You’re still married. Still functioning. Still doing life together. But something feels…less alive.
A rut is when a relationship begins running on autopilot. And while autopilot can keep things moving, it rarely takes you somewhere meaningful.
That’s why ruts matter. Left unchecked, they don’t just stall a relationship; they slowly drain it of life and vitality.
The encouraging news is that ruts are not permanent. They can be broken, often more simply than we expect.
It starts with honesty.
Couples need to be willing to acknowledge that something feels off and to name it without minimizing or ignoring it. That alone takes courage, because it requires facing reality instead of coasting past it. From there, it requires ownership. It’s easy to point to circumstances or to a spouse, but growth begins when each person recognizes their own part in the pattern.

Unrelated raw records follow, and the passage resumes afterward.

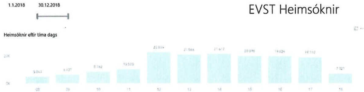
Mynd 2. Mælaborð EVST. Fjöldi heimsókna á Breiðhelli árið 2018, skráð sem fjöldi á klst.

Launakostnaður vegna þessarar breytingar er áætlaður 11,8 milljónir á ársgrundvelli.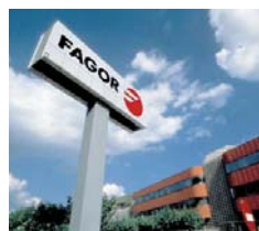
Instalaciones de FAGOR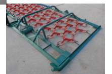
Wiesenschleppe Wiesenegge Profi 4m-4-reihig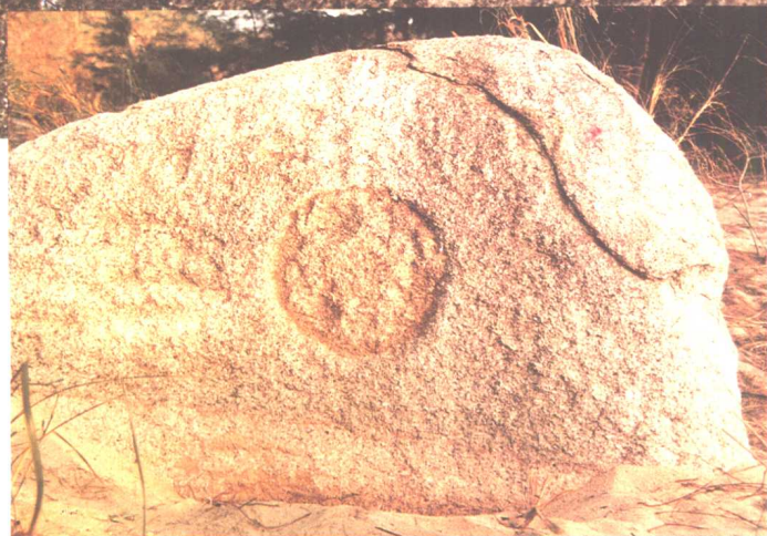
图二十三 中国珠海宝 镜湾岩刻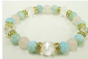
▲ラリマー×ローズクォーツ×水晶

デザインからお選びいただきお客様の腕周りに合わせることも、お好みの石で、オリジナルブレスレットを作成することもできます。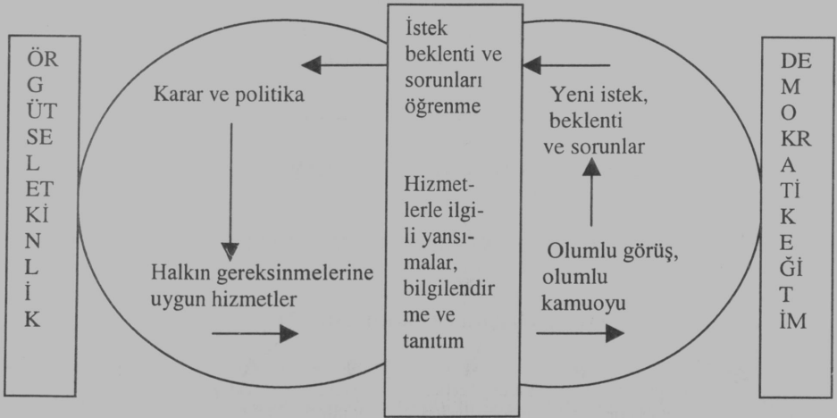
Şekil-1 Yerel Yönetim Örgütlerinde Halkla İlişkilerin Yerel Yönetim Halk Bütünleşmesine Etkisi

Şekil-1'de görüldüğü gibi, halkla ilişkiler yalnızca halkın hizmetler hakkında bilgilendirilmesine yardım eden teknik bir işlev değildir. Bu, halkla ilişkiler uygulamalarının görünen yönüdür. Halkla ilişkiler, aynı zamanda, örgütsel işleyişin halkın istek ve beklentilerine göre düzenlenmesini sağlayarak en çok gerekli olan hizmetlerin üretilmesine ve sunulmasına, halkın hizmetler hakkında bilgi edinmesine, kurumun çalışmalarını ve genel olarak toplumsal değerleri tanıtmayı sağlayarak toplumsal kesimlerin bütünleşmesine katkıda bulunur.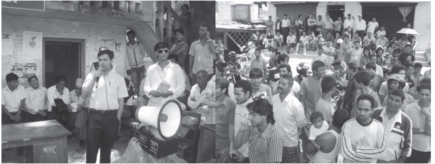
भक्त्यापाटीका स्थानीयवासीको मागप्रति सम्बोधन गर्दै कार्यकारी अधिकृत र सो कार्यक्रममा सहभागी स्थानीयवासी

१२ प्रतिशत प्रोत्साहन भत्ता लिने तर जनताले खोजेको बेला कर्मचारी कार्यालयमा नहुने। कार्यालय समयमा व्यक्तिगत काममा जानेलाई के को तेल खर्च दिने? त्यो पनि दुई महिनाभित्र अनुगमन गरी निर्णय लिने भन्दाभन्दै राजनैतिक संयन्त्रप्रति अविश्वास गरेर अल्टिमेटम दिनु कर्मचारीको गल्लि हो। ११ जना कर्मचारीको सम्बन्धमा पनि प्रकृया पुर्‍याएर स्थायी गर्नु पर्नेलाई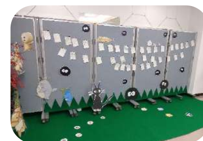
20歳の自分へのはがき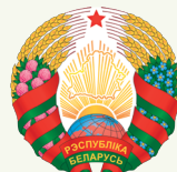
Дзяржаўны герб Рэспублікі Беларусь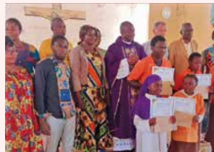
Les enfants et leurs parents préparent Noël.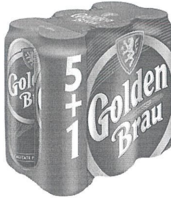
6x Can 0.5 L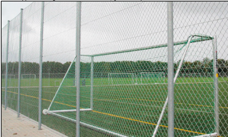
IDH 10 – 4 meter højt.

De to typer af hegn er vist nedenfor, jævnfør produktblade: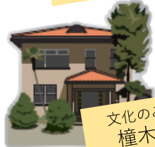
文化のみち 榎木館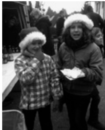
Wir verkaufen für unser Schullandheim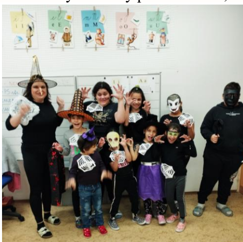
Halloweenský den se povedl

Pilně nacvičujeme básničky a koledy pro Mikuláše, těšíme se na Ježíška.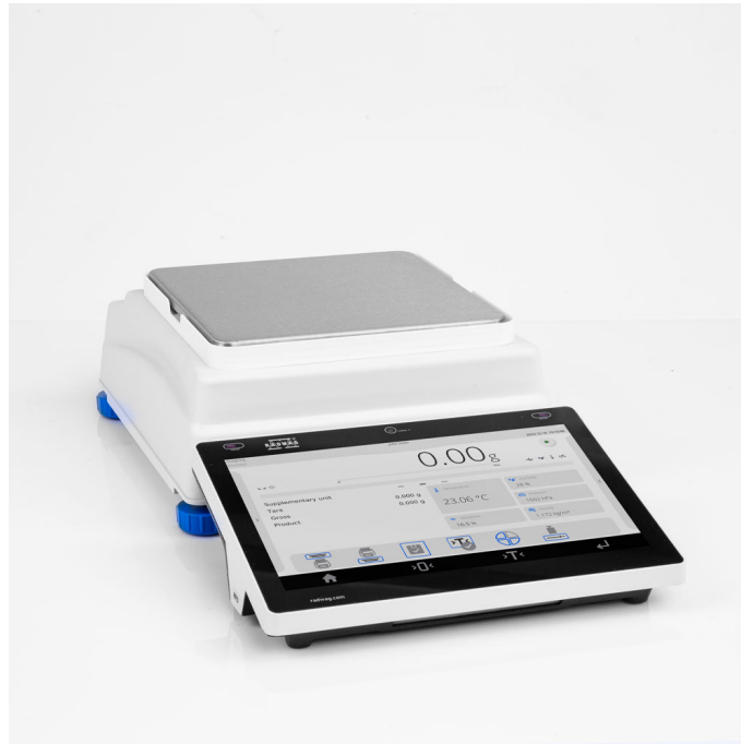
The drawings, photos and graphics used are for illustrative purposes only.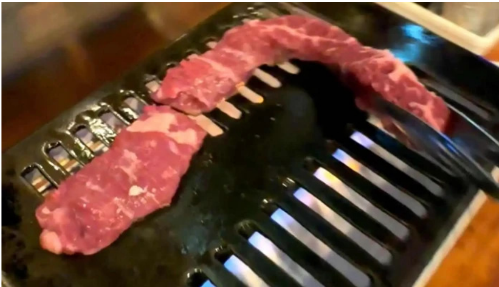
焼肉パンサン 二代目 動画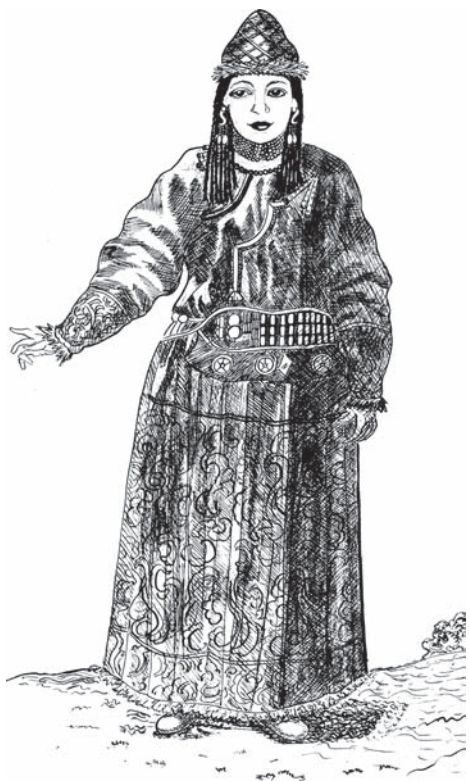
Рис. 2. «Брацкая девушка в Удинском остроге...» [Георги, 1799, с. 33].

Бранд, 1967, с. 134]. Чтобы разобраться в возникшей путанице, нужно рассмотреть, как обстояло дело с этим элементом одежды в последующее время – в XVIII в.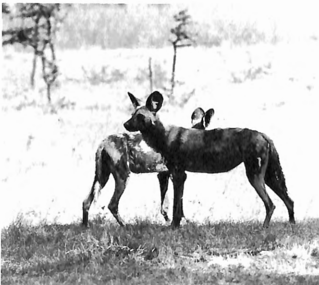
Photo 10. Parc National de l'Akagera, Rwanda. Lycaons.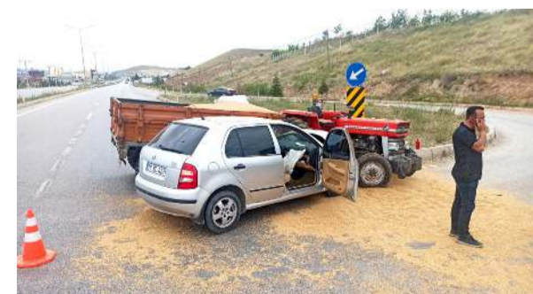
Kaza, Sungurlu-Kırıkkale karayolunun 6. kilometresinde meydana geldi.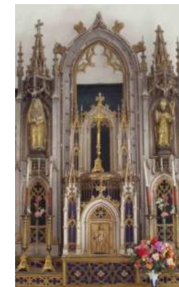
11- Statue Sainte Jeanne d'Arc

- Statue Saint-François de Sales – XIXe s. - l'artiste s'est beaucoup inspiré de la statue de Sainte Jeanne de Chantal

But perhaps the most important step is lifting your eyes beyond the rut, setting your eyes on the possibilities. You don’t break free simply by disliking where you are. You break free by catching a glimpse of something better. What could your relationship look like? What could it feel like again?

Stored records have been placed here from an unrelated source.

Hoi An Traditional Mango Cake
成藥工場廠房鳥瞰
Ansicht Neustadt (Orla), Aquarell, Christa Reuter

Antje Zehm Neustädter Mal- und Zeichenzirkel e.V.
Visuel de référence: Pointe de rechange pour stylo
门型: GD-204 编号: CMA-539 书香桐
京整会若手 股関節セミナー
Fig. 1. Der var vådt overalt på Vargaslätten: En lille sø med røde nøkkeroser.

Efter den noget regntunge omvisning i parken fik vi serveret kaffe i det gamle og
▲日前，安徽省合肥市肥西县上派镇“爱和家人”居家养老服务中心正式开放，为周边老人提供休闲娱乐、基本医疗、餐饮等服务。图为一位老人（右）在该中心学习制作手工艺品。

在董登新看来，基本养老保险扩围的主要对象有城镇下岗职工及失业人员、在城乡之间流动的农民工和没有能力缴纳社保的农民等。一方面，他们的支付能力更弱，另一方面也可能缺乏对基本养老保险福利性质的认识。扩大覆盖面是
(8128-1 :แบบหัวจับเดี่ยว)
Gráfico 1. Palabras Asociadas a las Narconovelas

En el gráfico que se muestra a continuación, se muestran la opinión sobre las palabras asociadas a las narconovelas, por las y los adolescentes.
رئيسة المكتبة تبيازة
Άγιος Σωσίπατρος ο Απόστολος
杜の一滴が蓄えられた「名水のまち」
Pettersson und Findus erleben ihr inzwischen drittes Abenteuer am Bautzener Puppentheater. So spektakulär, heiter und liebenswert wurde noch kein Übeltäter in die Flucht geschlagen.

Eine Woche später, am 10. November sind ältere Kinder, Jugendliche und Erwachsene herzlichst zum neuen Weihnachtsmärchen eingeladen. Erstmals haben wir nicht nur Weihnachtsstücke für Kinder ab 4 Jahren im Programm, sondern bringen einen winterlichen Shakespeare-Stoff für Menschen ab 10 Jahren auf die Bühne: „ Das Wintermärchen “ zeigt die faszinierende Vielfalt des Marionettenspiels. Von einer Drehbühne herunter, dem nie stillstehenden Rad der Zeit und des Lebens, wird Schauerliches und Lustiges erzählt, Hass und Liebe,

That vision creates movement.
And then, it often comes down to something surprisingly small.
One intentional step. A planned date. A walk after dinner. A conversation without screens. A shared experience that breaks the usual rhythm. Small moves have the power to interrupt long-standing patterns.

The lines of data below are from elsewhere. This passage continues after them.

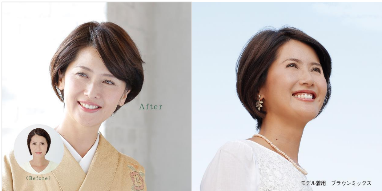
クロスフリー使用例

新商品『クロスフリー』はオールハンドメイドのベースネットを十字に配した”クロスフリーデザイン”が特長の手のひらサイズのウィッグです。縦・横・斜めなど、お好きな方向でつけることができるので分け目、トップ、前髪と使い方次第で自由自在に髪をボリュームアップすることができます。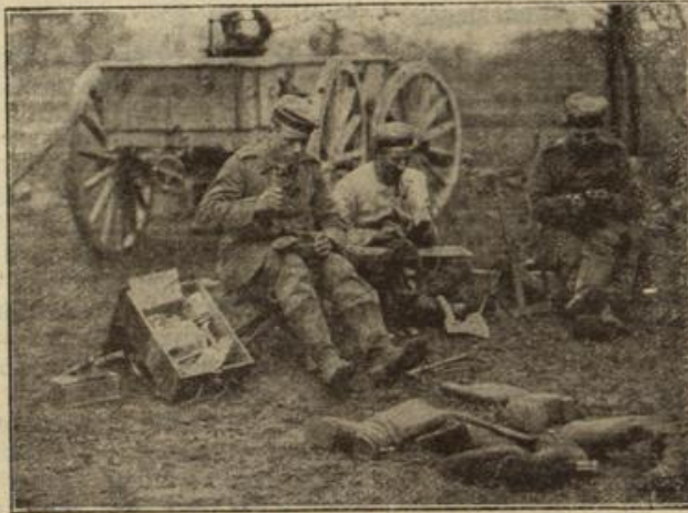
Der Regimentschustler bei der Arbeit. Nachdem die Zeit der langen Märsche vorüber ist, geht „das Geschäft“ etwas ruhiger.

Hinter dem Gros der Truppen, in einer Tal-senkung, vollständig unsichtbar gemacht, steht das Zelt des Armeeführers, umringt von einer ganzen Anzahl kleinerer und größerer dieser lustigen Behau-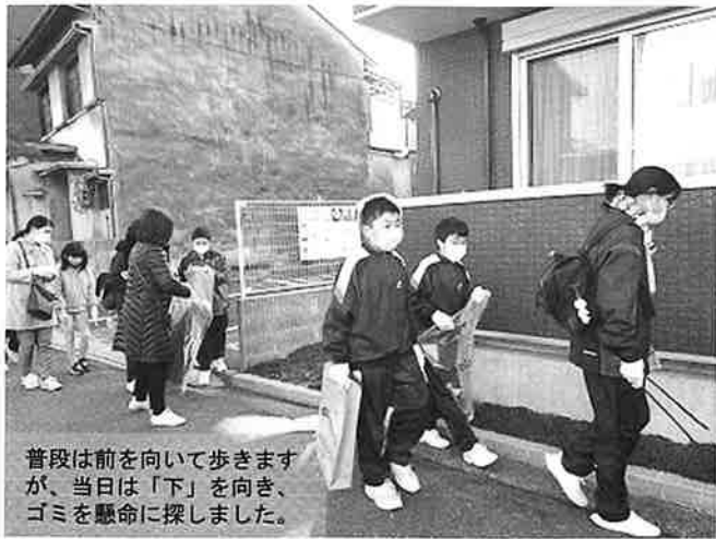
普段は前を向いて歩きますが、当日は「下」を向き、ゴミを懸命に探しました。

吉島中学校では、吉島中学校協力者会議を総括とし、生徒会を中心に『まちぐるみ「教育の絆」プロジェクト地域貢献事業』を立ち上げています。この一つに、生徒たちが地域住民とながり、地域で活躍できる貢献事業として、地域の清掃に取り組みんでおり、中島学区、吉島学区、吉島東学区の3つの地区に分かれて行われています。令和2年度は新型コロナウイルスの緊急事態宣言発令のために地域ボランティア清掃は中止となりましたが、感染者数が減少してきた昨年末は、12月24日にマスク着用厳守で開催されました。

Carolyn and I have learned over the years that if you’re not intentional, ruts will find you. That realization has led us to occasionally shake things up in ways that pull us out of routine and back into connection.
Newness has a way of reawakening connection, and often, that’s exactly what a marriage needs.
🏀 #4 — Play in the Open
If ruts are about drifting into patterns, this next play addresses something even more subtle. Hiding. Most of us have experienced small moments where we instinctively conceal something.
It might be as simple as closing a screen when someone walks into the room. It might be downplaying a purchase, withholding a conversation, or keeping a thought to ourselves that feels uncomfortable to explain.
These moments are often small, but they are not insignificant. Because hiding has a way of growing. There is something deeply human about the instinct to conceal. In fact, the Bible traces it all the way back to the very first marriage. When Adam and Eve felt exposed, their immediate response was not to move toward one another, but to hide. That same instinct still shows up today.
The challenge is that what remains hidden rarely stays contained. Instead, it tends to grow quietly in the background, shaping attitudes, influencing behaviours, and creating distance over time. That’s why one of the most powerful practices in a healthy marriage is choosing to live in the open.
This doesn’t mean sharing every passing thought impulsively, but it does mean committing to a relationship where secrets are not allowed to take root.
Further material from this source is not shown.